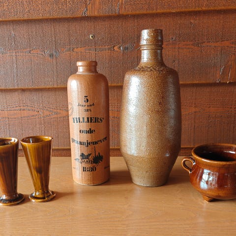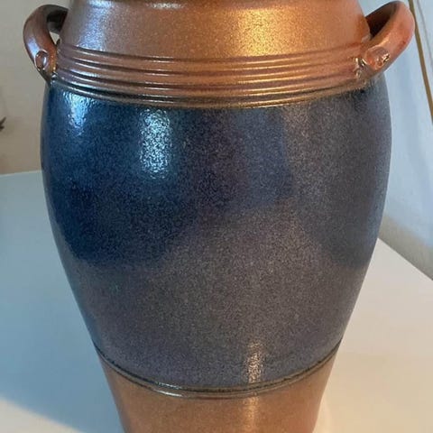 Vase og krukke, vasen er 15 cm høj, krukken 10,5 cm høj 16,5 cm dia - ialt 150kr
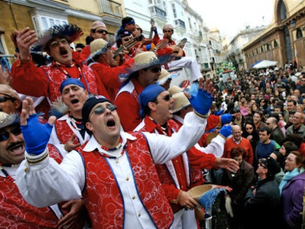 Her er der masser af sjove udklædninger og berømte 'Chirigotas', der er en slags satiriske sange, der gør grin med politikere og aktuelle begivenheder i samfundet.
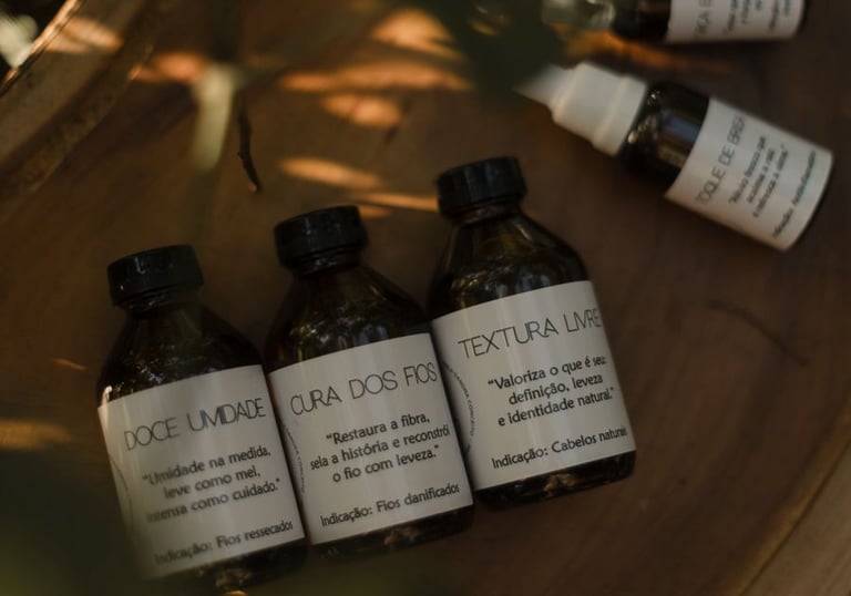 Produtos de terapia capilar e beleza em queimados
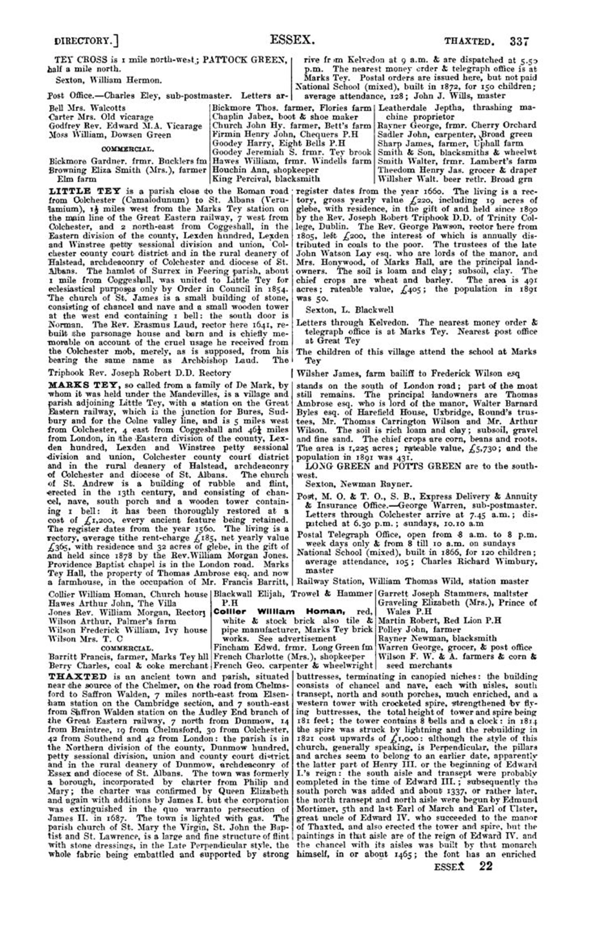 Entries in Kelly's Directory of Essex for 1894 for Little Tey followed by Marks Tey on p337. There is a brief description of each village, its history, crops and population and the local facilities etc. Names and addresses of gentry and tradespeople are provided.

> **BRIEF**
None of the pictures should be reproduced; all other material above must be set down exactly.

> **RESULT FOR THIS EXERCISE**
 Vase og krukke, vasen er 15 cm høj, krukken 10,5 cm høj 16,5 cm dia - ialt 150kr
 Her er der masser af sjove udklædninger og berømte 'Chirigotas', der er en slags satiriske sange, der gør grin med politikere og aktuelle begivenheder i samfundet.
 Produtos de terapia capilar e beleza em queimados
 Entries in Kelly's Directory of Essex for 1894 for Little Tey followed by Marks Tey on p337. There is a brief description of each village, its history, crops and population and the local facilities etc. Names and addresses of gentry and tradespeople are provided.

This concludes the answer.